Practitioners in the Family Court reported that while contact between siblings is accepted in theory, in practice it is not straightforward. Some reasons for sibling relationships being 'severed' or 'drifting apart' are:
- While professionals favour quite 'inclusive' definitions of siblings, in practice strong recognition is given only to relationships between full and half siblings. Relationshipsbetween step siblings, and especially foster siblings, are rarely given weight in legal decision making, despite these sometimes being very important to children.
- Professionals and young people expressed a strong ethical commitment to treating full and half siblings equally, but in practice, this is far from the case.

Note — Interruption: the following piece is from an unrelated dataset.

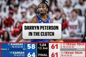 比賽最后時刻,堪薩斯大學打出一波17-4的攻擊波完成大逆轉(zhuǎn),彼得森最后投中了兩記高難度三分,包括準絕殺的三分。

- 'Age-driven' decisions often take precedence over more nuanced assessments of the relationships between siblings and particular needs and wishes.
- Despite attempts to move towards what is referred to as 'open' adoption, there is still a strong assumption that once a child is adopted, direct contact with their birth relatives, including siblings, will be almost impossible to sustain. This is symbolically reinforced by statute that deems them to be no longer 'a blood relative'.
- In non-adoptive placements, contact between separated siblings is far more likely to take place but in practice can be difficult to arrange and maintain.
- Older siblings tend to lose out when decisions are made. There is a lack of consistency in responses to those that are considered to have taken on an 'inappropriate' caring role for their younger siblings. Children caring for siblings are treated differently from children caring for parents.
- There is a profound reluctance to use existing legal measures to order contact between separated siblings and in practice contact is usually left to adopters and local authorities to determine. The reasons for this include child-centred and pragmatic concerns about court involvement but there are deeply ingrained assumptions that a stronger message from the courts about contact will deter potential adopters and undermine the security of adoptions.
- There are concerns that young people do not know what law can do to help them in circumstances where contact is deemed important but does not happen.
- There are widespread assumptions that the stability of adoption placements will be undermined by contact with siblings still living with or in contact with their birth relatives; that expectations of direct contact will deter potential adopters; and that post-adoption contact should only take place with the agreement of adoptive parents.
The year-long research project, conducted by researchers at the School of Law at Birkbeck, University of London, is the first legal study to focus on sibling relationships in England and Wales. It explores what types of siblings are recognised in law (full, half, step, foster) and, through interviews with judges, lawyers, social workers and other professionals across the country, what emphasis is placed on the relationship in care and adoption decision making.
Birkbeck's Professor Daniel Monk, who led the research, said: "All the professionals we spoke to thought bonds between brothers and sisters were very important, but also recognised challenges in being able to effectively protect or sustain these relationships for children who enter the care system. The Judges we spoke to described decisions which impact on siblings as 'the hardest', 'the most difficult', and 'heartbreaking'. There are no easy answers and there will always be a limit to what law can do, but it is important that law and practice understand WHY siblings sometimes slip from view and are able to address this wherever possible."
A 16 year old surveyed as part of the research said: "When you think about it, the courts always try to keep the routine or not disturb the child's life and all that, try to keep it as normal as possible, but they're separating the siblings from each other. How's that keeping it normal as possible, when in reality, in the most perfect home, you get to see your siblings?"